Why you should consider investing in taxefficient funds
Post on: 16 Март, 2015 No Comment
![Why you should consider investing in taxefficient funds Why you should consider investing in taxefficient funds](/wp-content/uploads/2015/3/etf-tax-forms-and-taxfree-alternatives_1.jpg)
With mutual funds, it’s not what you earn but what you keep that makes the difference
Because taxes can take a big bite out of your returns, you should ask yourself, How tax-efficient are my investments?
What makes a mutual fund tax efficient?
Factors such as investment approach (active, broad index, narrow index) or methodology can weigh heavily on a fund’s tax efficiency. However, certain types of investments are, by their nature, more tax-efficient than others.
With stock funds, for example, the amount a fund distributes affects its tax efficiency, of course, but the type of distribution also plays a big role.
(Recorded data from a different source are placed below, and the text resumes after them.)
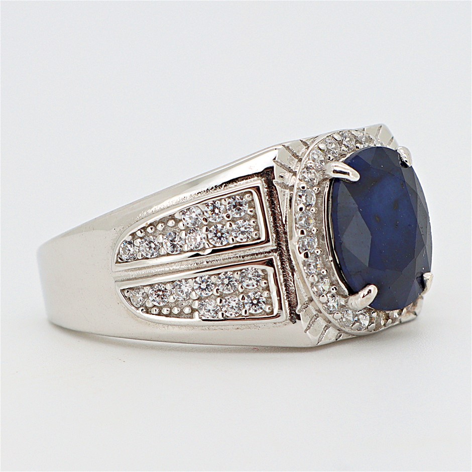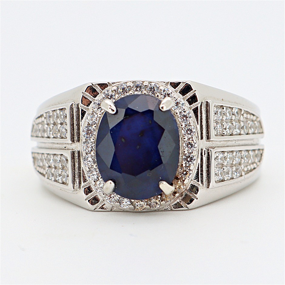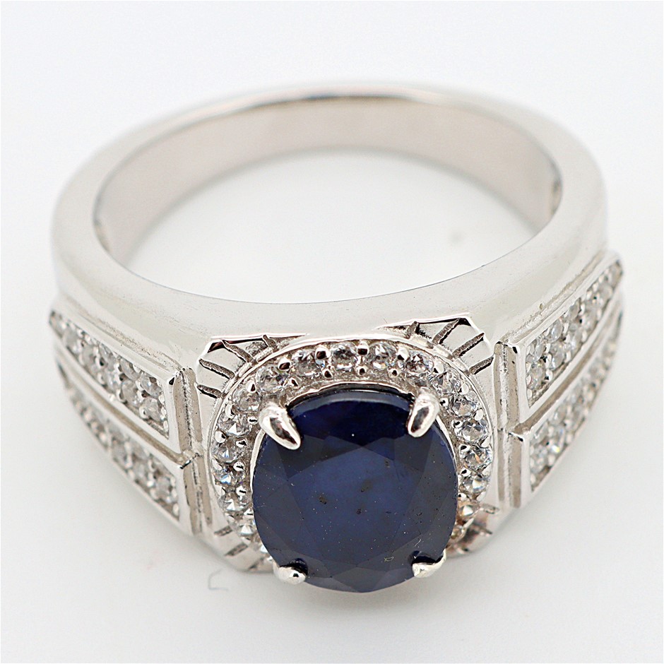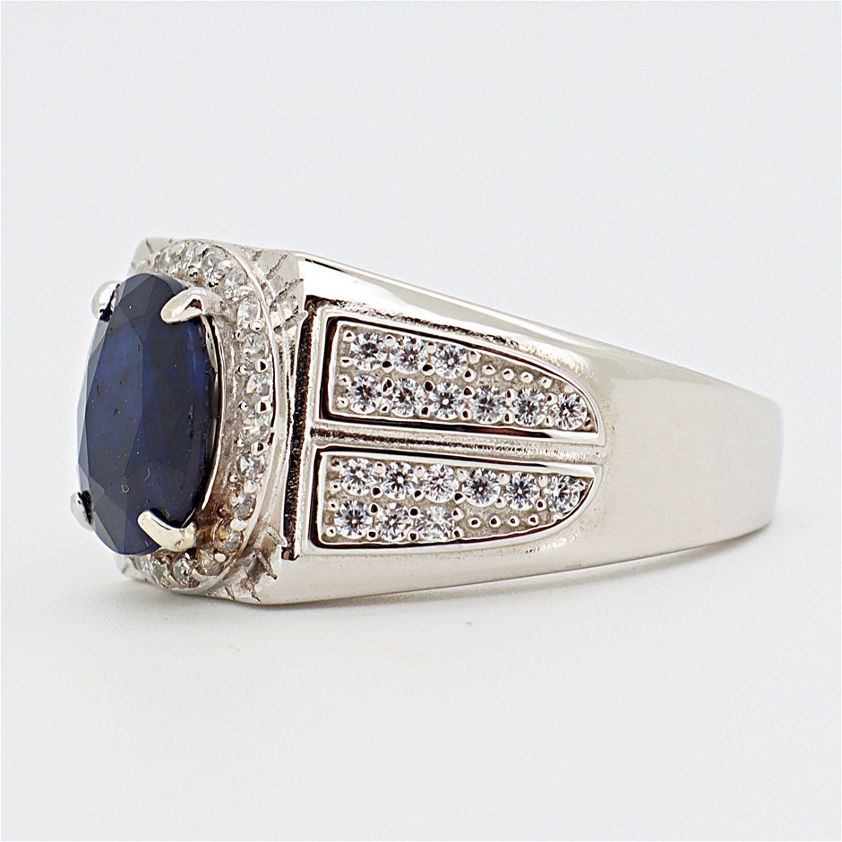 2.97 Carats Sapphire Ring on 925 Silver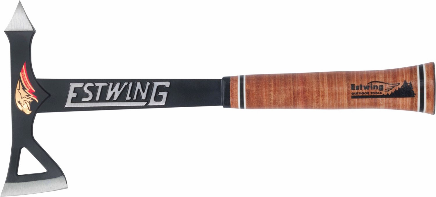 Anytime you need to cut, chop or clear a path, reach for the Estwing Black Eagle Tomahawk Axe. The solid steel blade has been hand-sharpened for maximum performance. It's paired with a genuine leather grip and nylon sheath. Made in USA.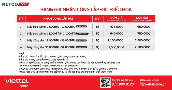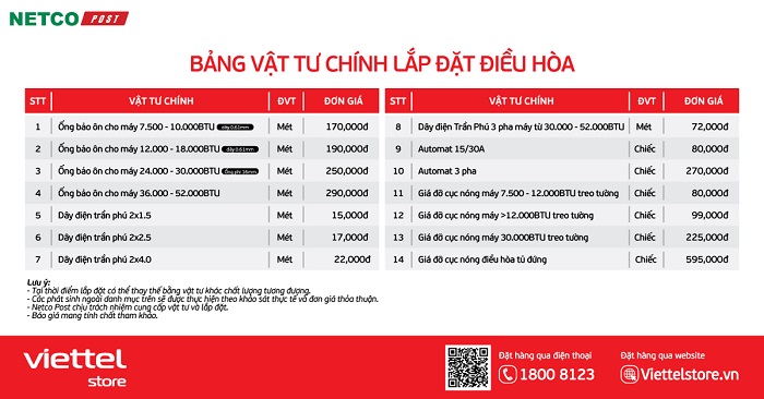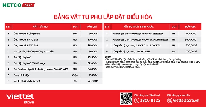 Khi mua và lắp đặt điều hòa, ngoài mức giá cùng ưu đãi hấp dẫn, Viettel Store còn kết hợp với đối tác Netco cung cấp bảng giá tham khảo giá lắp đặt và vật tư vô cùng có lợi nhằm đem đến những trải nghiệm tốt nhất cho khách hàng. Xem chi tiết ngay!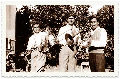 3. "בין העצים הירקרקים.." - טריו בעין גנים, פברואר 1939. מימין: יעקב כצנלסון, מיכאל (אברמוב) אברהמי ויאשיהו עמיצור.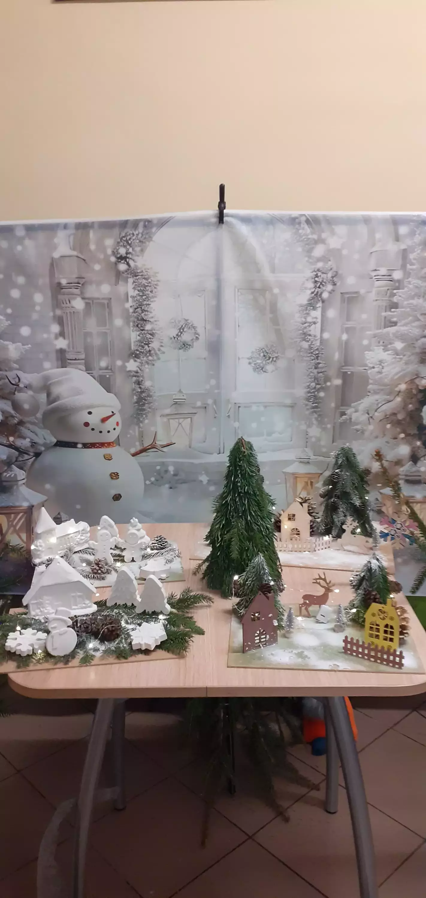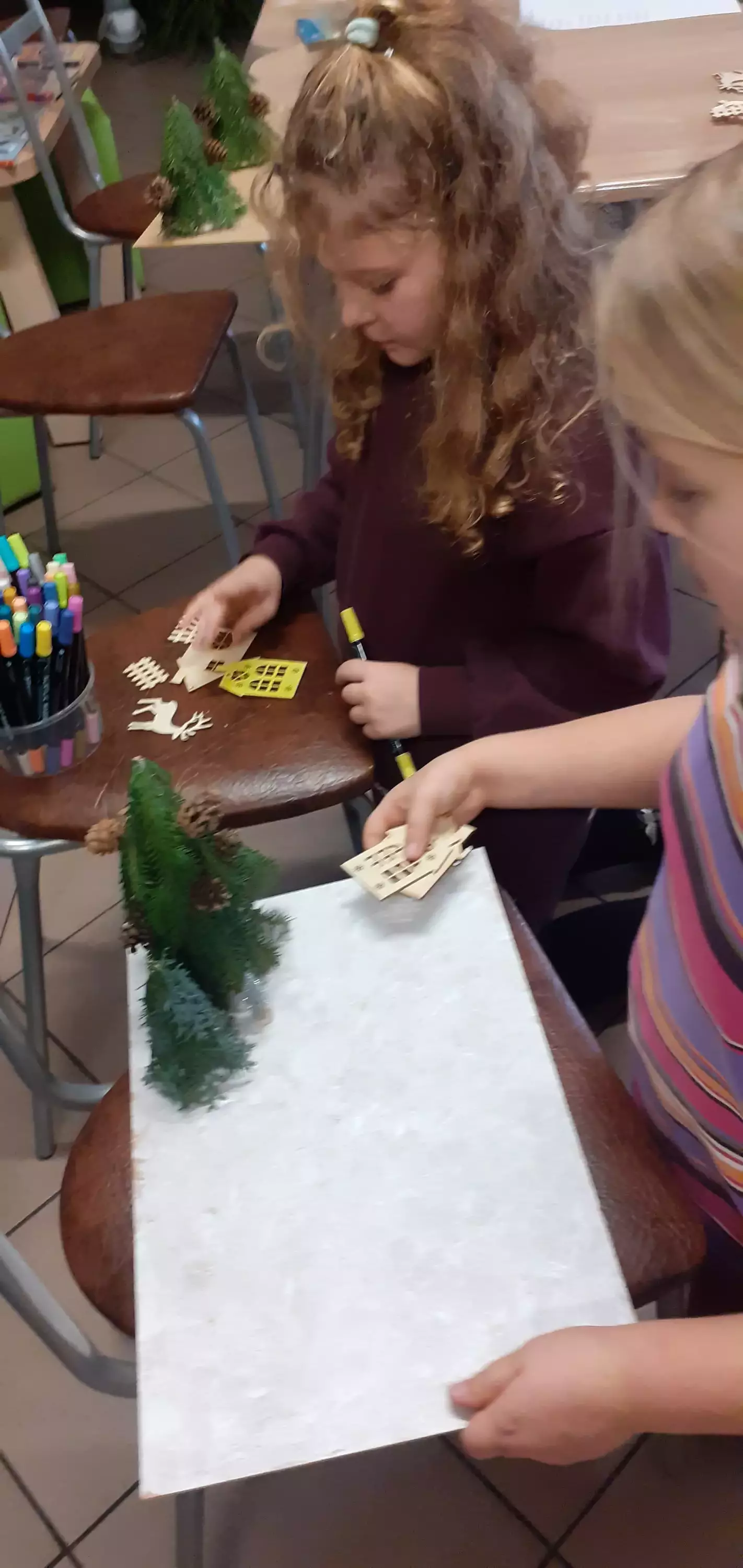 Dzieci z gałązek kleją choinki.Dziewczynka trzyma w ręce makietę świąteczną.Dzieci przyklejają do makiety świąteczną choinkę z gałązek.Wspólne zdjęcie dzieci z makietami świątecznymi.Wspólne zdjęcie dzieci z makietami świątecznymi.Wspólne zdjęcie dzieci z makietami świątecznymi.Makieta świąteczna.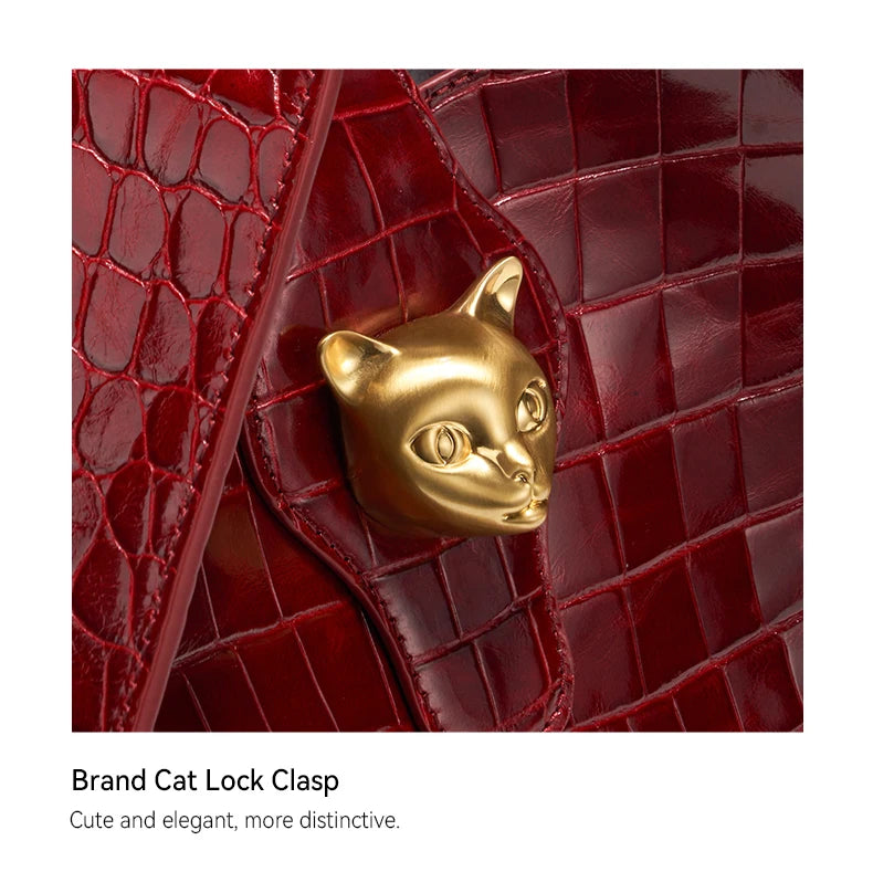 | Features | Crocodile texture, hasp closure, multiple interior pockets |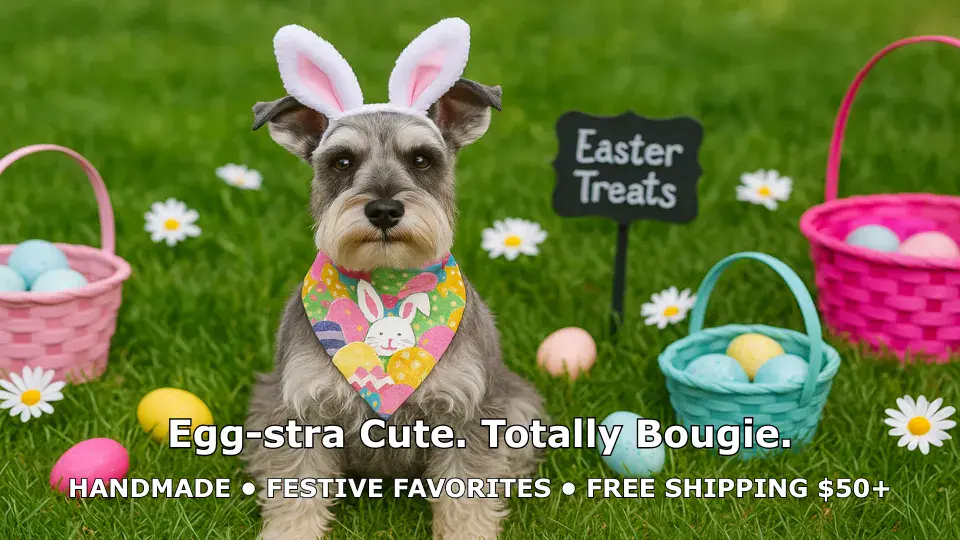 Hop into spring with our Easter Pet Accessories collection, featuring handmade designs that capture the light and pastel vibes of the season. Perfect for pets and parents who want to celebrate with a little extra charm.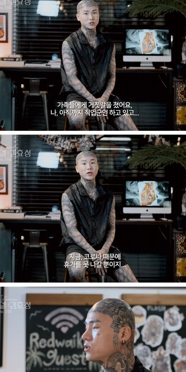 문신한거 보여주기 그래서 아직 군대에 있다고 거짓말 치다가 결국 모델 소속사 들어가서 가족들 만나러 감

Because of tax law changes over the years, the difference between the rates levied on long- and short-term capital gains has widened. (Capital gains are the gains mutual funds distribute to investors resulting from profits from the sale of a security within the fund or the gains investors realize when they sell a stock or a bond for more than they paid for it.)
Most investors pay the maximum 15% on qualified dividend income and long-term capital gains. However, the tax rate can be as much as 35% on short-term capital gains. This huge difference means that if you’re concerned about taxes, don’t buy funds in taxable accounts that distribute high levels of short-term capital gains and avoid selling your investment before a one-year period.
What types of funds are tax-efficient?
Although any given fund has tax-saving potential, these three types are the most tax-efficient.
Tax-exempt funds: A smart choice for income-oriented investors to consider
If you’re in one of the higher federal tax brackets and seek current income, you may benefit from a municipal bond fund. These funds generate monthly dividend income that is exempt from federal income taxes.* (Vanguard also offers some state-specific tax-exempt funds that are exempt from state and local income taxes.)
To determine if a tax-exempt bond fund might be more advantageous than a comparable taxable bond fund, calculate its taxable-equivalent yield .
Index funds: Buy-and-hold strategy reduces taxable gains
Index funds are probably the most common tax-efficient option. These low-cost funds, which seek to track the performance of specific benchmarks, typically hold all or a representative sampling of the securities that make up the index. Their buy-and-hold strategy makes them less likely to distribute taxable capital gains to you, although this is not guaranteed.
Tax-managed funds: Sophisticated techniques minimize taxable distributions
Tax-managed funds also seek to track a particular index through a buy-and-hold strategy. They go a step further, though, by following specialized investment plans designed to minimize buying and selling of shares that could generate taxable gains. They also impose policies designed to discourage investors from frequently moving into and out of the funds.
Armed with some basic information about tax-efficient funds, you can improve the chances that you’ll keep more of your investment returns. Because taxes are such an integral consideration in mutual fund investing, you should review your specific situation with a tax advisor.
* Although the income from a municipal bond fund is exempt from federal tax, you may owe taxes on any capital gains realized through the fund’s trading or through your own redemption of shares. For some investors, a portion of the fund’s income may be subject to state and local taxes as well as to the federal alternative minimum tax.
 
NOTES:
- All investments are subject to risk.
- Tax-managed funds may not meet their objective of being tax-efficient. 
- The performance of an index is not an exact representation of any particular investment, as you cannot invest directly in an index.
- Investments in bond funds are subject to interest rate, credit, and inflation risk.